John Bland-Sutton in Vanity Fair, 3 February 1910, ‘A Great Surgeon’
In a speech at Glasgow in April 1927 celebrating the centenary of Lister’s birth, Bland-Sutton observed, “I was trained in the old school and lived to revel in the wonders of the new. But this is not the end: the legitimate function of surgery is the repair of physical injuries.

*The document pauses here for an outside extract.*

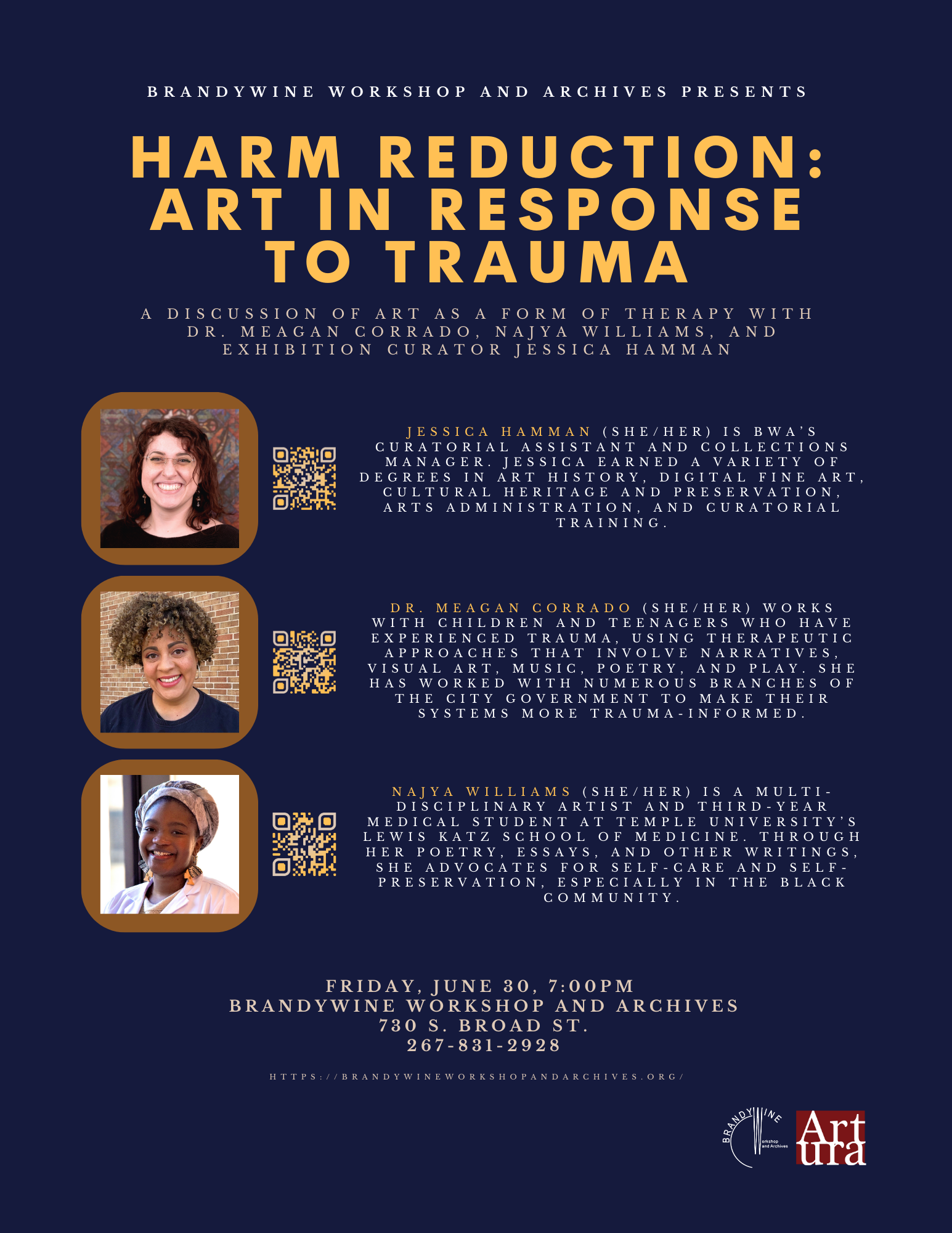 On Friday, June 30, at 7:00 PM, BWA will present a discussion of Harm Reduction and art as a form of therapy with Jessica Hamman, BWA’s Curatorial Assistant and Collections Manager, Dr. Meagan Corrado, and Najya Williams.

Portion of silver dinner service, willed to RCS collection, London
“We must strive to cure morbid growths with drugs prepared by biochemists. We may believe that chemotherapy and physics, which have furnished surgeons with powerful and reliable remedies, will help to deliver mankind from some of the most distressing and uncompromising operations of modern surgery. There are clear signs of the dawn of such an era.”
Sir John Bland-Sutton died after a short illness on 20 December 1936 and his body was cremated as he requested,

Handwritten note found interposed in the autobiography of John Bland-Sutton
‘Put me on the kitchen fire, and then pull out the damper; All that’s left of my poor bones, will up the chimney scamper.’
‘Nulla dies sine linea’, (Pliny the Elder) was one of his favourite quotations.
His ashes were placed in the Museum of the Middlesex Hospital, which he had generously endowed.
Memorial services were held at the Middlesex Hospital and Westminster Abbey.